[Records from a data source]
§

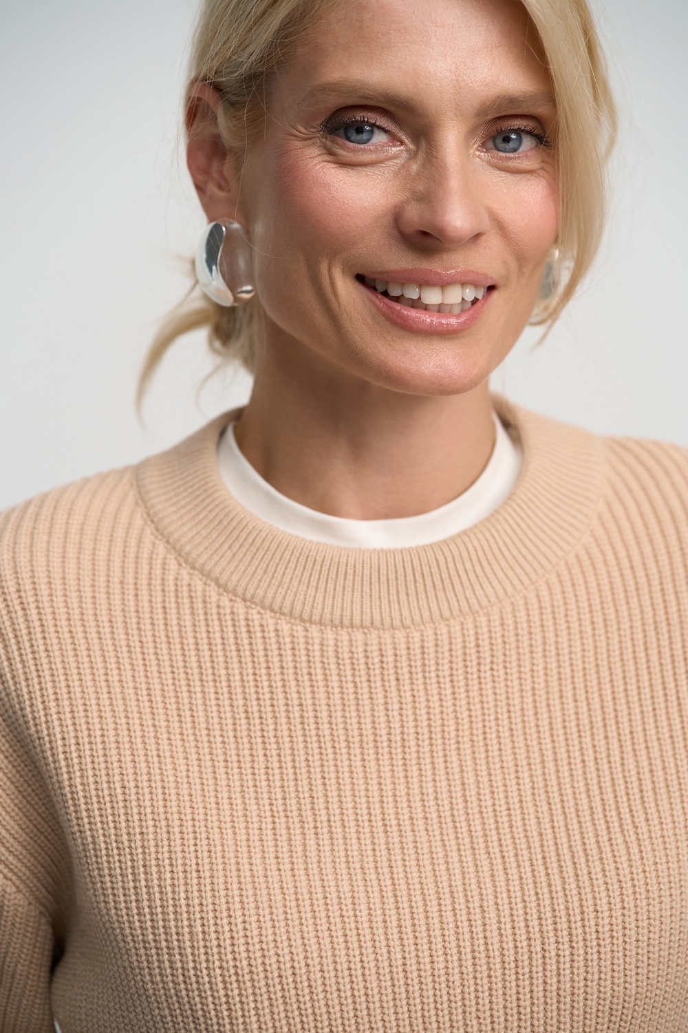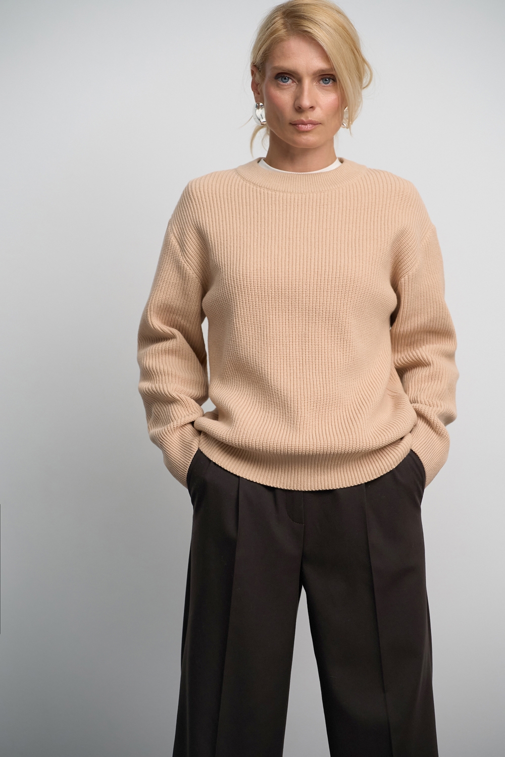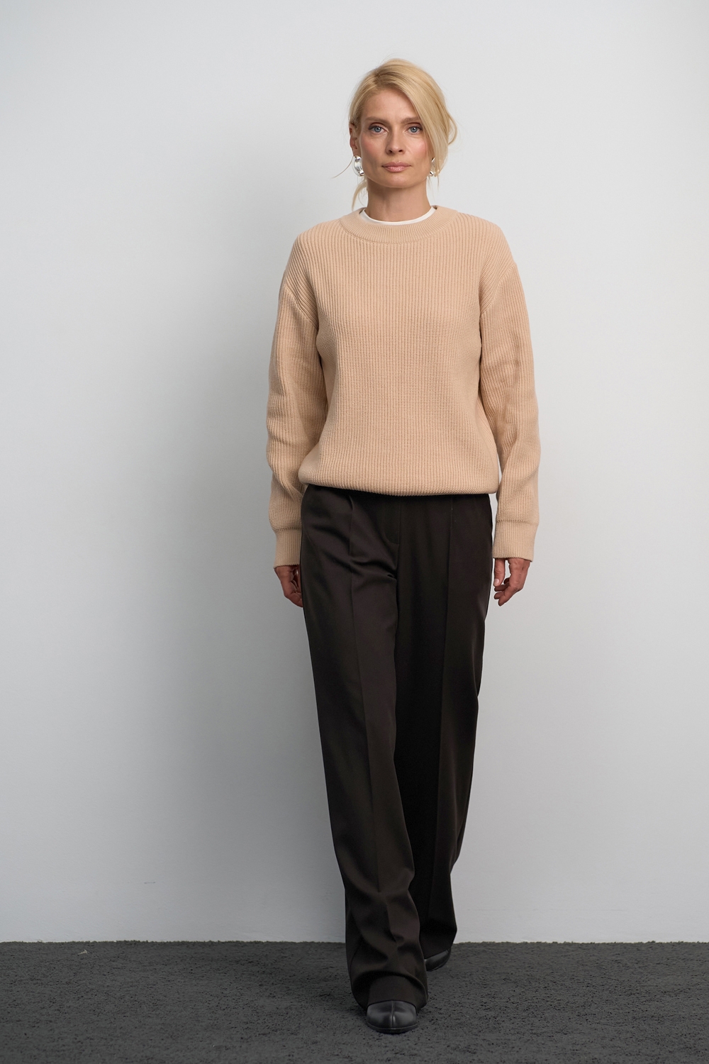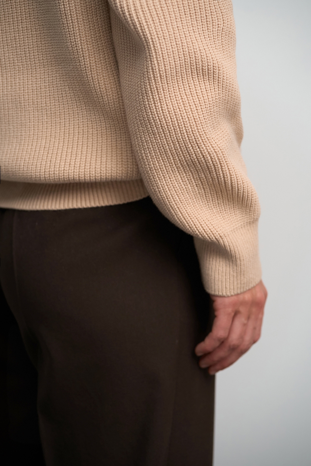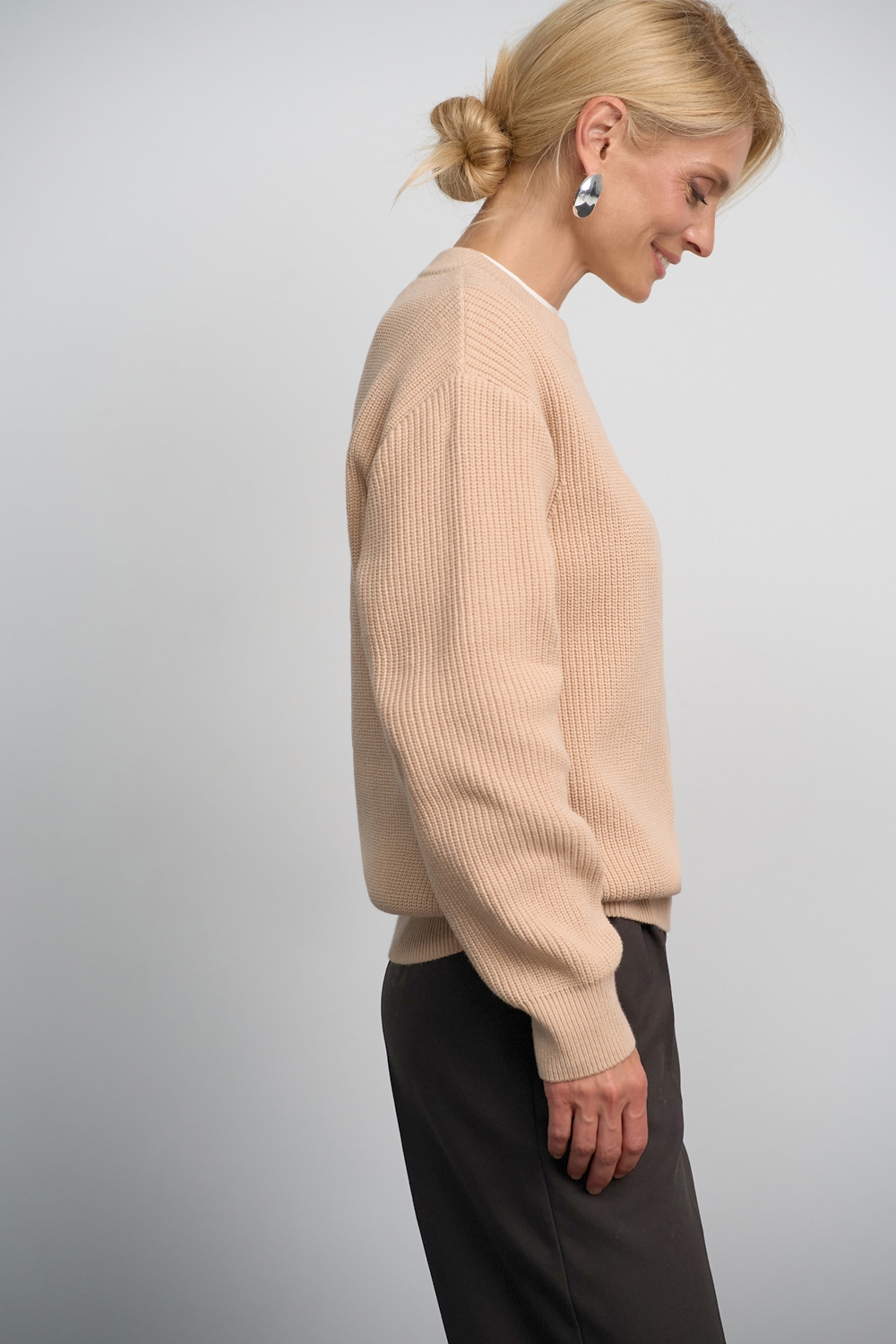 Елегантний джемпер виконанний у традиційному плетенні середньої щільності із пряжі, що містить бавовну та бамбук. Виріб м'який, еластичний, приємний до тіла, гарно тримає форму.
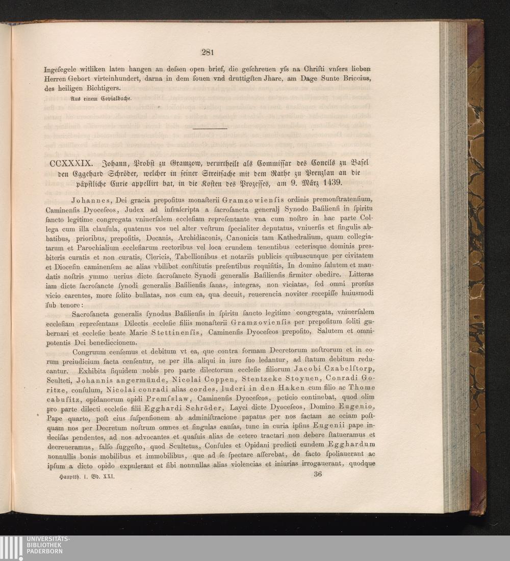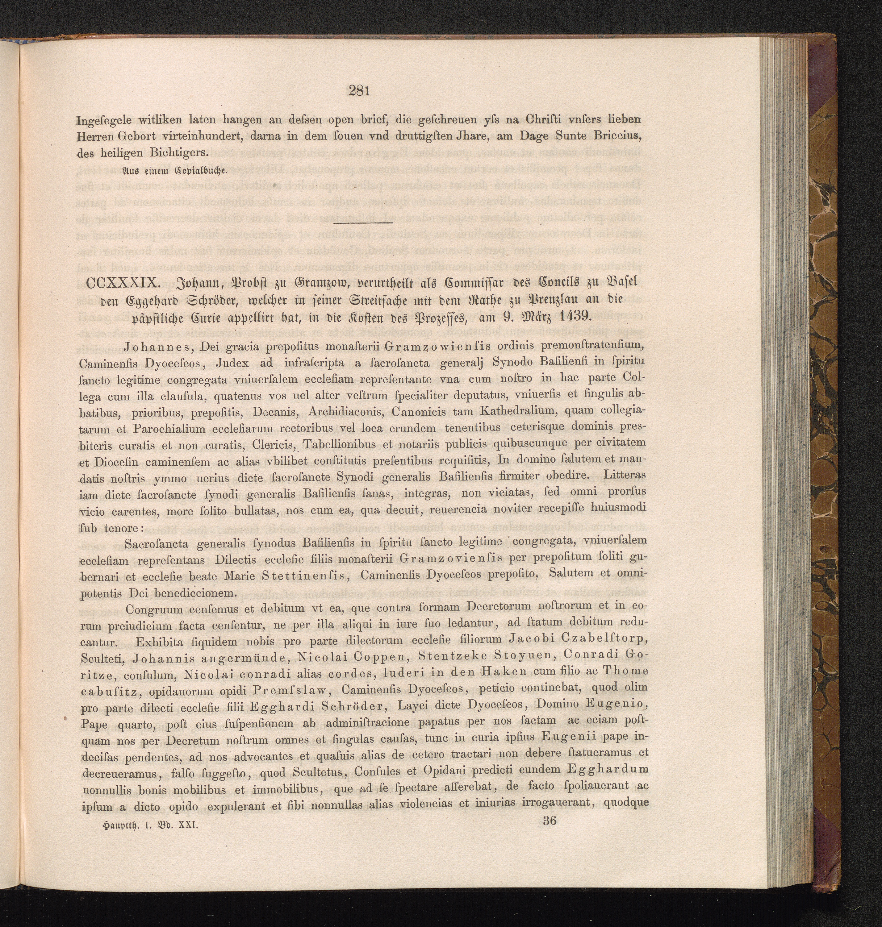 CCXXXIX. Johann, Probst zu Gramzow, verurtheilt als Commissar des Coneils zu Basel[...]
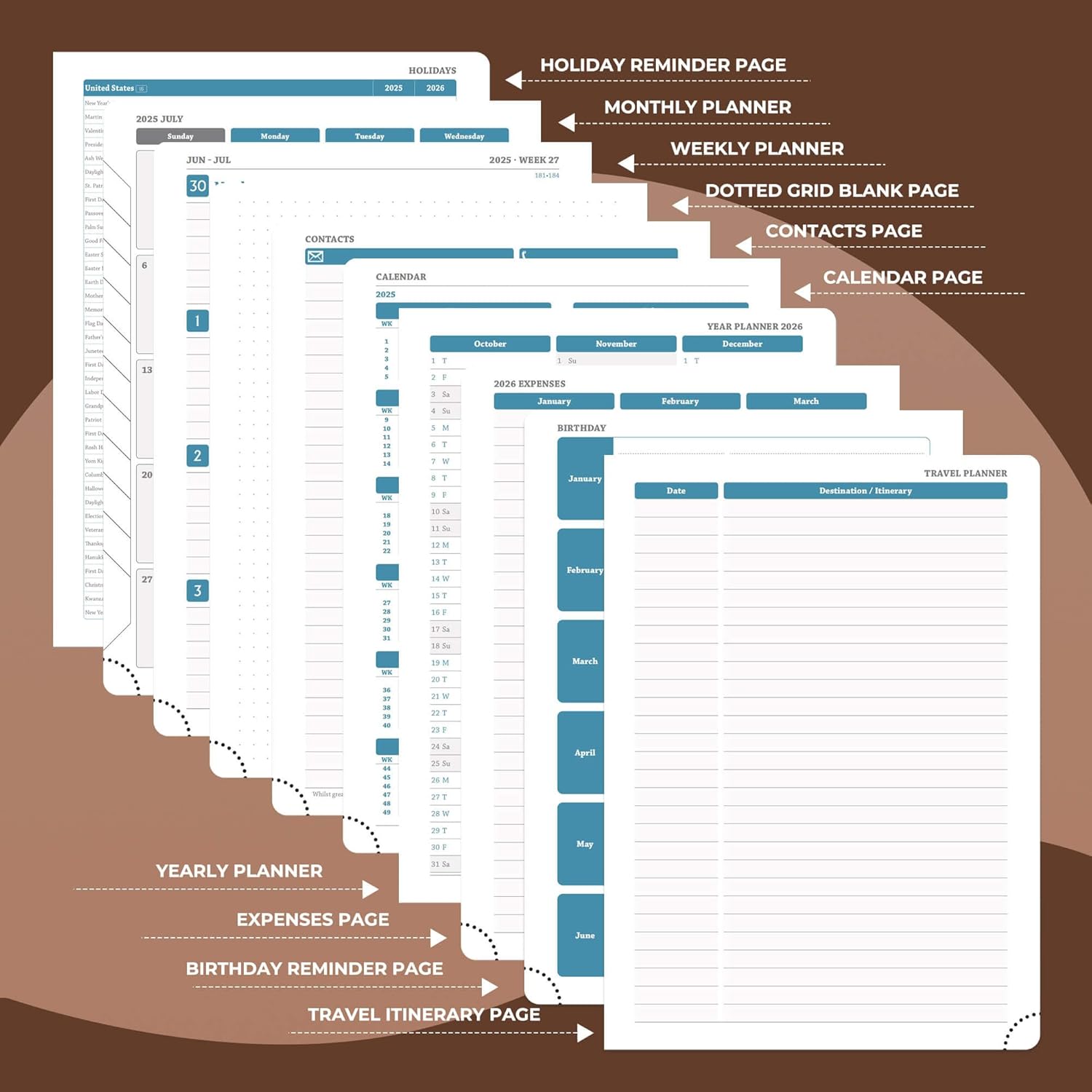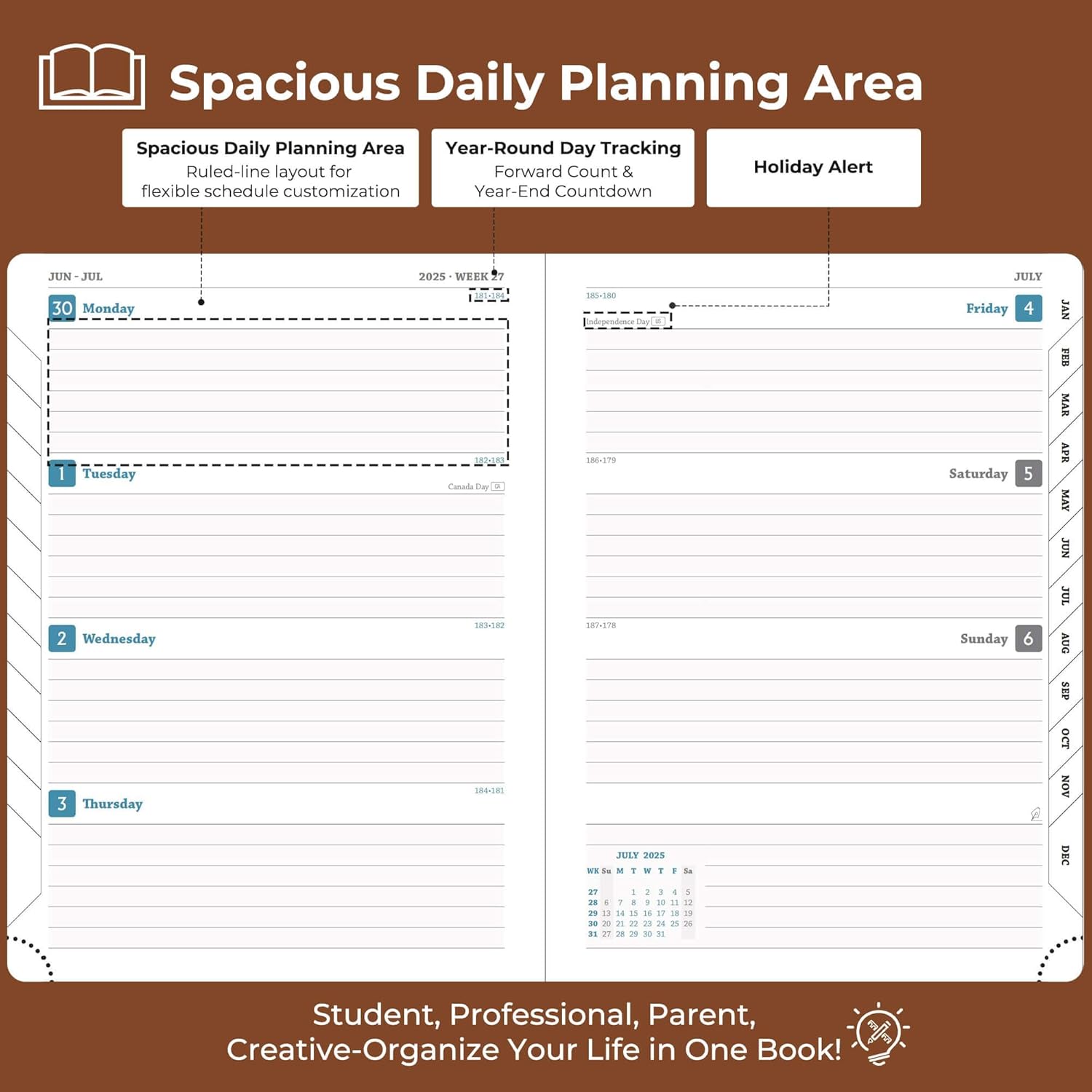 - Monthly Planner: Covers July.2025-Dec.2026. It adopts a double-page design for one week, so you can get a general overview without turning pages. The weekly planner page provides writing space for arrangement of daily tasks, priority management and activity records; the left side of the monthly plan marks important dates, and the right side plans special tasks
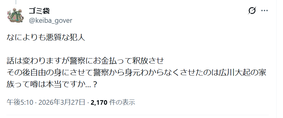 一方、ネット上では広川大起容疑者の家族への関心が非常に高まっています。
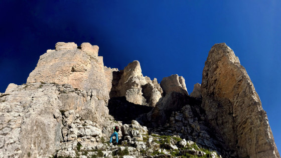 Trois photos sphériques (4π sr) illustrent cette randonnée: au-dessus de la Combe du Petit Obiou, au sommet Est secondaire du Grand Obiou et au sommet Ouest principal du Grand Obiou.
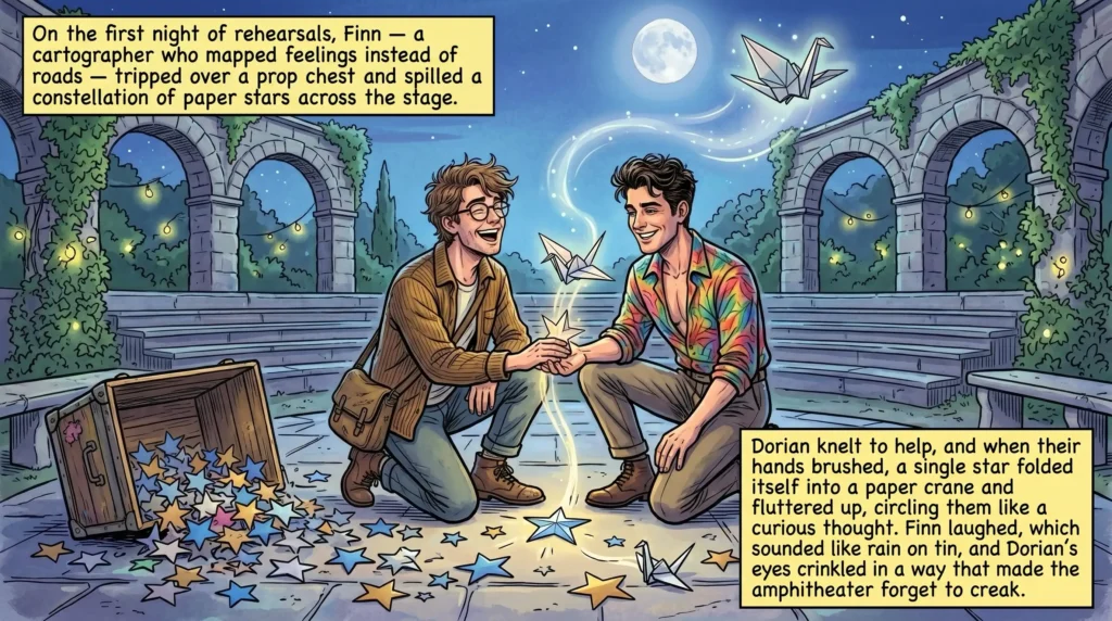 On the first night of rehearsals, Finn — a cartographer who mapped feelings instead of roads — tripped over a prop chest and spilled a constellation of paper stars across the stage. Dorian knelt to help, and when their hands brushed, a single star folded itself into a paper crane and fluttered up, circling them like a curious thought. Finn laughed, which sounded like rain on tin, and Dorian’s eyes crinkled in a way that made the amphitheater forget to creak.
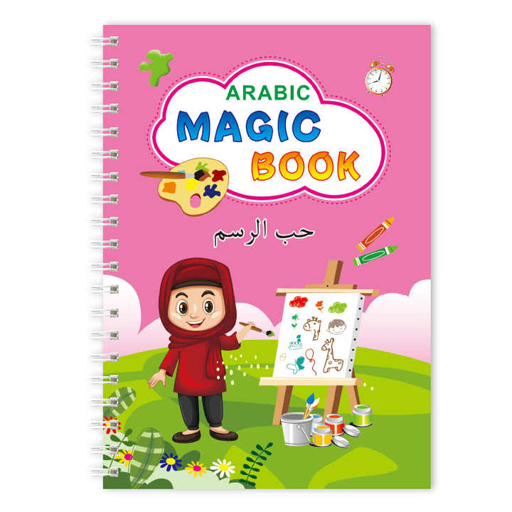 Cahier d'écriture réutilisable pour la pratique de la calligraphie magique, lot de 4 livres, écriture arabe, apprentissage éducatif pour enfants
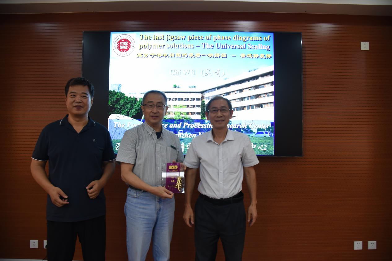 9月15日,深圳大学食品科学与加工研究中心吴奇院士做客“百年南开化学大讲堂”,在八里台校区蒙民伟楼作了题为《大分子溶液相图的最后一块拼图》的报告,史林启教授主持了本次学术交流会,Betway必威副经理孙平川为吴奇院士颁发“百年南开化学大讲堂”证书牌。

§

Exercise instructions ->
What belongs in the answer is each line above from the line with "- Monthly Planner: Covers" to the line with "On the first", inclusive, reproduced exactly and free of pictures.

Task solution ->
 - Monthly Planner: Covers July.2025-Dec.2026. It adopts a double-page design for one week, so you can get a general overview without turning pages. The weekly planner page provides writing space for arrangement of daily tasks, priority management and activity records; the left side of the monthly plan marks important dates, and the right side plans special tasks
 一方、ネット上では広川大起容疑者の家族への関心が非常に高まっています。
 Trois photos sphériques (4π sr) illustrent cette randonnée: au-dessus de la Combe du Petit Obiou, au sommet Est secondaire du Grand Obiou et au sommet Ouest principal du Grand Obiou.
 On the first night of rehearsals, Finn — a cartographer who mapped feelings instead of roads — tripped over a prop chest and spilled a constellation of paper stars across the stage. Dorian knelt to help, and when their hands brushed, a single star folded itself into a paper crane and fluttered up, circling them like a curious thought. Finn laughed, which sounded like rain on tin, and Dorian’s eyes crinkled in a way that made the amphitheater forget to creak.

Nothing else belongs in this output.